Chi sono

Mi presento

Il mio nome è Giovanna Carbone, sono psicologa e psicoterapeuta iscritta all’albo della Regione Emilia Romagna con numero 8242, sezione A.

Esercito la professione a Bologna, presso il mio studio in Via Amico Aspertini, 13.

Mi occupo di promozione del benessere e prevenzione del disagio, mi rivolgo a tutte le persone che sentono la necessità di un aiuto o un supporto al fine di migliorare il proprio modo di stare in contatto con sé e con gli altri, di lavorare, di vivere in famiglia. Lavoro con adolescenti, adulti e coppie.

Il mio lavoro si articola nel campo relazionale: ansia, dipendenza affettiva, problematiche di coppia, sessualità, genitorialità.
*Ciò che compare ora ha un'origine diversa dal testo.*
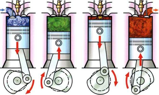 Только благодаря бензиновому мотору, четырехтактному двигателю внутреннего сгорания, удалось построить настоящий автомобиль. Создателем этого двигателя был немецкий изобретатель Николаус Отто. Название «четырехтактный» означает, что в цилиндрах мотора один за другим происходят четыре действия, четыре такта: засасывание горючей смеси, сжатие ее и поджигание электрической искрой, рабочий ход и выталкивание отработавших газов.

Seguo inoltre problematiche legate al comportamento alimentare, alla gestione del peso corporeo, aderenza al piano alimentare.

Nell’ottica di promozione del benessere, lavoro anche nell’ambito della formazione aziendale, nella produzione di corsi di formazione per la sezione wellness della sicurezza sul lavoro.

Il mio percorso formativo

Ho iniziato il mio percorso di crescita professionale a Roma, con la laurea triennale, per poi trasferirmi a Bologna, dove ho conseguito la laurea magistrale. Successivamente, ho fatto pratica al Centro di Salute Mentale di Bologna e al reparto di psicologia clinica dell’Ospedale Bellaria, per poi sostenere e superare l’Esame di Stato e iscrivermi all’Albo degli Psicologi dell’Emilia-Romagna.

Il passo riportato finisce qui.